In that case, let's start with your specific examples, and then move on to the general case.

You claim that:

I don't see how my uncertainty about the nature of the apple pies has any effect whatsoever on the actual possibility of the composition of the pies. Either the apple pies are made from handpicked apples, or they aren't. My uncertainty about it does not make either possibility more or less probable.

And this is true--of apples. Observation of apples has no significant effect on apples.

Things are different at the quantum level, however. Observation of particles has a definite effect on the particles. Thus, any notion of determinism that relies upon the observability of particles has a problem, as the act of observing interferes with the experiment (and may alter what would have occurred had the observation not taken place.) So, certain attempts to demonstrate determinism are stymied by the uncertainty principle.

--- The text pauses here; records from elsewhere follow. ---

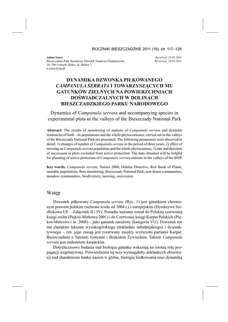 117 ROCZNIKI BIESZCZADZKIE 2011 (19), str. 117–129 Adam Szary Bieszczadzki Park Narodowy, Ośrodek Naukowo-Dydaktyczny 38–700 Ustrzyki Dolne, ul. Bełska 7 [email protected] Received: 25.01.2011 Reviewed: 18.07.2011 Dynamika dzwonka piłkowanego Campanula serrata i towarzyszących mu gatunków zielnych na powierzchniach doświadczalnych w dolinach Bieszczadzkiego Parku Narodowego Dynamics of Campanula serrata and accompanying species in experimental plots in the valleys of the Bieszczady National Park Abstract: The results of monitoring of stations of Campanula serrata and dynamic tendencies of both – its populations and the whole phytocoenoses, carried out in the valleys of the Bieszczady National Park are presented. The following parameters were observed in detail: 1) changes of number of Campanula serrata in the period of three years, 2) effect of mowing on Campanula serrata population and the whole phytocoenses, 3) rate and direction of succession in plots excluded from active protection. The data obtained will be helpful for planning of active protestion of Campanula serrata stations in the valleys of the BNP. Key words: Campanula serrata, Natura 2000, Habitat Directive, Red Book of Plants, unstable populations, flora monitoring, Bieszczady National Park, non-forest communities, meadow communities, biodiversity, mowing, succession. Wstęp Dzwonek piłkowany Campanula serrata (Ryc. 1) jest gatunkiem chronionym prawem polskim (ochrona ścisła od 2004 r.) i europejskim (Dyrektywa Siedliskowa UE – Załącznik II i IV). Ponadto wpisany został do Polskiej czerwonej księgi roślin (Piękoś-Mirkowa 2001) i do Czerwonej księgi Karpat Polskich (Piękoś-Mirkowa i in. 2008) – jako gatunek narażony (kategoria VU). Dzwonek ten ma charakter taksonu wysokogórskiego (dokładnie subalpejskiego) i dysjunktywnego – tzn. jego zasięg jest rozerwany między wyższymi partiami Karpat: Bieszczadami a Tatrami, Gorcami i Beskidem Żywieckim. Takson Campanula serrata jest endemitem karpackim. Dotychczasowe badania nad biologią gatunku wskazują na istotną rolę propagacji wegetatywnej. Potwierdzenie tej tezy wymagałoby dokładnych obserwacji nad charakterem banku nasion w glebie, biologią kiełkowania oraz dynamiką 118 ROCZNIKI BIESZCZADZKIE 2011 (19) populacji (Korzeniak 2010). Właśnie ostatnie z wymienionych zagadnień stało się celem niniejszych badań, które dodatkowo poszerzono o problematykę ekologiczną i fitosocjologiczną. Ryc. 1. Dzwonek piłkowany Campanula serrata – typowy pokrój rośliny. Fig. 1. Campanula serrata – typical appearance of plant. Cele i metody Badania prowadzono w terenie, gdzie roślinność i flora były już dokładnie rozpoznane i opisane w monografiach (Denisiuk, Korzeniak 1999; Zemanek, Winnicki 1999). Doświadczenie zostało założone metodą „split-plots”. Obserwacje populacji dzwonka piłkowanego realizowano w obrębie dwóch dużych stanowisk tego gatunku: u podnóża Tarnicy w Wołosatem i u podnóża Rawki w Berehach Górnych (Ryc. 2) – na 52 zastabilizowanych powierzchniach kwadratowych – każda 1m x 1m (Ryc. 3). Pierwszą inwentaryzację stanowisk i kartografię fitocenoz przeprowadzono w 2007 roku, ostatnią – w trzy lata później, w roku 2010. Międzyczasie prowadzono regularny zabieg koszenia na połowie założonych kwadratów (poletka zabiegowe – 26 powierzchni), wyłączając z wszelkiej ingerencji drugą połowę powierzchni (poletka kontrolne). W obrębie obydwu grup poletek dwukrotnie liczono osobniki dzwonka piłkowanego i wykonywano zdjęcia fitosocjologiczne – w dwóch seriach: w 2007 i 2010 roku. W tych samych latach, z trzyletnim przesunięciem czasowym, skartowano roślinność w otoczeniu kwadratów, wydzielając płaty na podstawie dwóch gatunków dominujących – zgodnie ze stosowaną wcześniej metodyką (Szary A. Szary — Dynamika dzwonka piłkowanego... 119 Ryc. 2. Lokalizacja powierzchni badawczych. 1 – lokalizacja poletek badawczych (w 2 grupach po 26 kwadratów w każdym z oznaczonych stanowisk), 2 – granica BdPN, 3 – granica państwa, 4 – obszary leśne, 5 – obszary nieleśne. Fig. 2. Location of sampling plots. 1 – location of sampling plots (2 groups, 26 squares in each from particular localities), 2 – boundary of the BNP, 3 – state border, 4 – forests, 5 – non forest areas. Ryc. 3. Poletka badawcze (kwadraty 1m x 1m) – kompleks powierzchni pod Rawką: pojedyncze paliki – powierzchnie zabiegowe (koszone), kwadraty ogrodzone – poletka kontrolne (niekoszone). Fig. 3. Sampling plots (squares 1m x 1m) – group of plots near Rawka: single poles – experimental plots (mowed), fenced squares – control plots (not mowed). 120 ROCZNIKI BIESZCZADZKIE 2011 (19) 2002, 2008). Po trzech latach wyniki zestawiono i porównano: liczby osobników na każdej powierzchni, tabele z procentowym pokryciem gatunków oraz mapy roślinności z płatami dominantów. Materiał porównawczy podzielono na trzy kolejno omówione rozdziały: zestawienie inwentaryzacyjne liczebności dzwonka z początku i końca prac terenowych, porównanie zdjęć fitosocjologicznych, wnioski z porównawczego zestawienia map po trzech latach prowadzonego zabiegu. Wszystkie zagadnienia prowadzono w ten sam sposób na terenie obydwu dolin – Wołosatego pod Tarnicą i Berehów pod Rawką. Kartowanie roślinności na polanach odbywało się metodą znakowania punktów odbiornikiem GPS oraz domiarów do tychże punktów za pomocą taśmy mierniczej i kompasu. Weryfikacji przestrzennej dokonywano w oparciu o zdjęcia lotnicze z 2009 roku, sporządzone na zamówienie Bieszczadzkiego Parku. Płaty roślinności wyróżniono według gatunków dominujących w obrębie poszczególnych fitocenoz: Agrostis capillaris, Deschampsia caespitosa, Poa chaixii, Nardus stricta, Festuca rubra, Achillea millefolium, Hypericum maculatum. Wyniki A) Dynamika populacji dzwonka na powierzchniach stałych (Ryc. 4). W zakresie zestawi
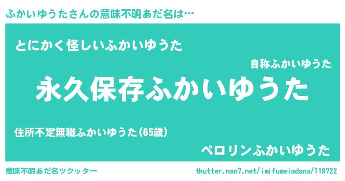 | ヒーロー風カッコイイあだ名 | 『ネオフカイユウタ』『黄金騎士フカ』 |
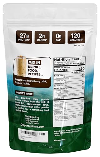 - COLOMBIAN COFFEE + PREMIUM PROTEIN – We combine dark roast Colombian coffee powder with premium whey protein isolate without any sweeteners or flavorings. Our whey protein starts as milk from grass-fed pasture raised cows from New Zealand. We use low-temperature processing to purify the protein and maximize the nutritional benefits.
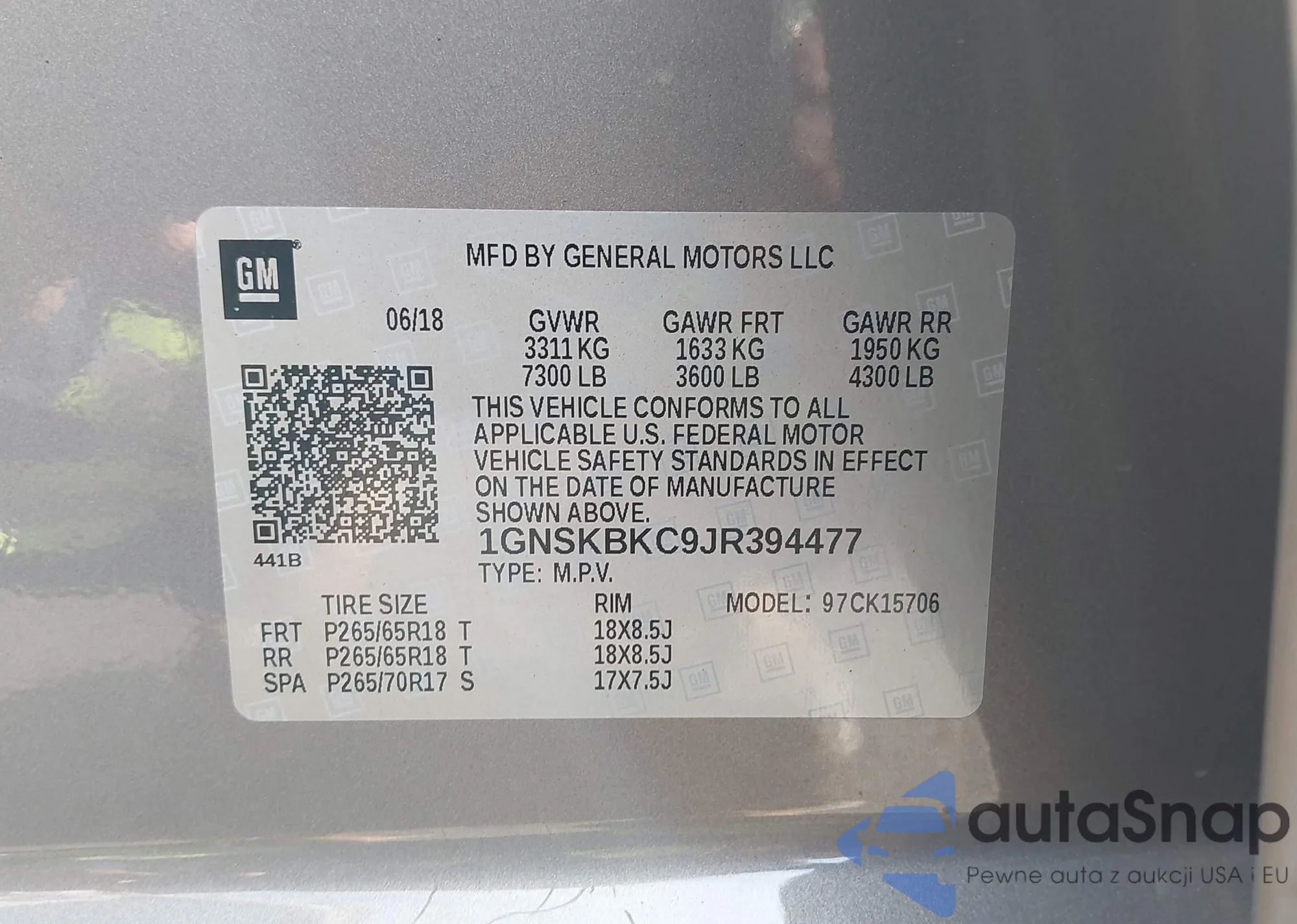 • VIN 1GNSKBKC9JR394477
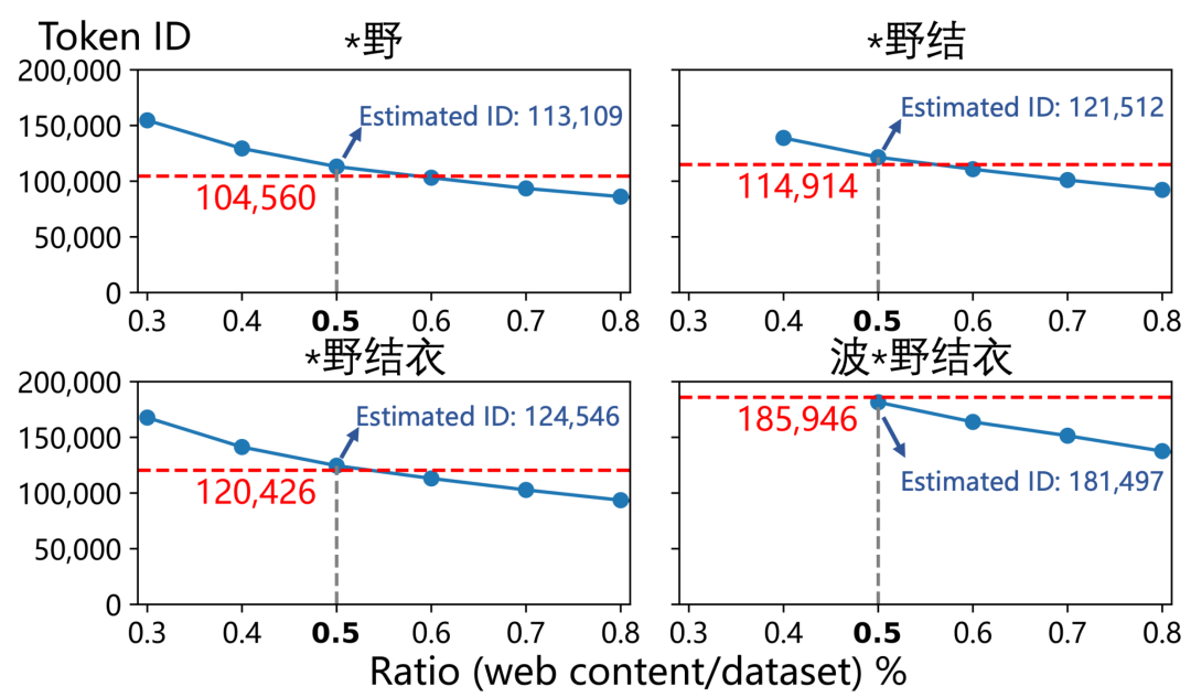 将与“波*野结衣”相关的网页以及作者估计的比例(0.5%)混合,可以重现GPT-4o中“波*野结衣”的标记ID及其子序列。

So, from there, we can move on to the general case:

My question is in reference to people who hold that the lack of complete understanding in a particular field can invalidate a positive claim.

The answer is that this can occur only in cases where "the lack of complete understanding" is of a structural (i.e., transcendental) nature and not of a purely contingent or accidental nature. In other words, where we are dealing with situations where X is viewed as a necessary condition for the possibility of Y, uncertainty about X can invalidate positive claims about the presence of Y.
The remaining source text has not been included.